**Problem requirements**
From the records that follow, return exactly the lines beginning at the one that contains "Elegant Textured Crossbody/Clutch" and ending at the one that contains "VEZFAA Women's Fashion", pictures left out.

**Data for the task**

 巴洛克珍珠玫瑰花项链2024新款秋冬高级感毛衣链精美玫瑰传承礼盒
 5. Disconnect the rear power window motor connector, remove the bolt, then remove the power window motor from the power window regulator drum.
---
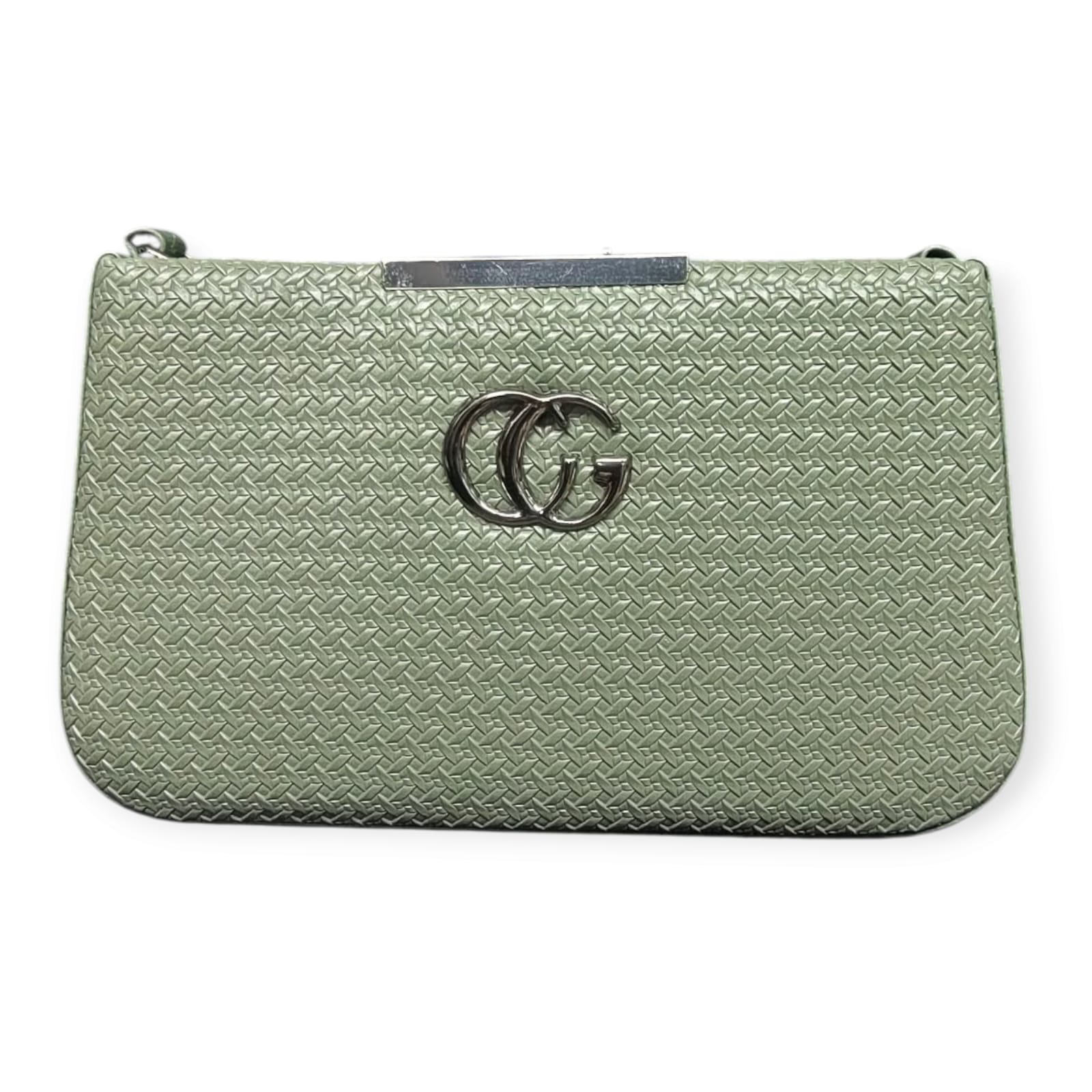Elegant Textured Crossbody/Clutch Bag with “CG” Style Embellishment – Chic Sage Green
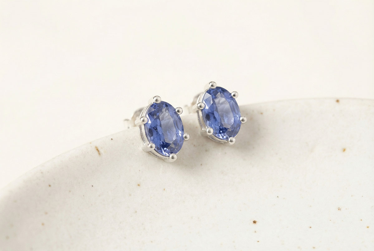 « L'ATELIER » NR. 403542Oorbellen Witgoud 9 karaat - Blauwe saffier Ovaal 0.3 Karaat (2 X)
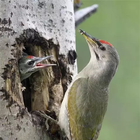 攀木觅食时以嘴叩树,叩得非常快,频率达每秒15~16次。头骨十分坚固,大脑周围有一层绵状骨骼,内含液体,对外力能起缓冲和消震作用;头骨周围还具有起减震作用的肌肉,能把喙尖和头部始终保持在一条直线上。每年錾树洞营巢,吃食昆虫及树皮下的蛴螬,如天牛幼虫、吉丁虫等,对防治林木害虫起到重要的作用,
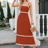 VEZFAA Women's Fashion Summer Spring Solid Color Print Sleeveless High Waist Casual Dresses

**Exercise result**
Elegant Textured Crossbody/Clutch Bag with “CG” Style Embellishment – Chic Sage Green
 « L'ATELIER » NR. 403542Oorbellen Witgoud 9 karaat - Blauwe saffier Ovaal 0.3 Karaat (2 X)
 攀木觅食时以嘴叩树,叩得非常快,频率达每秒15~16次。头骨十分坚固,大脑周围有一层绵状骨骼,内含液体,对外力能起缓冲和消震作用;头骨周围还具有起减震作用的肌肉,能把喙尖和头部始终保持在一条直线上。每年錾树洞营巢,吃食昆虫及树皮下的蛴螬,如天牛幼虫、吉丁虫等,对防治林木害虫起到重要的作用,
 VEZFAA Women's Fashion Summer Spring Solid Color Print Sleeveless High Waist Casual Dresses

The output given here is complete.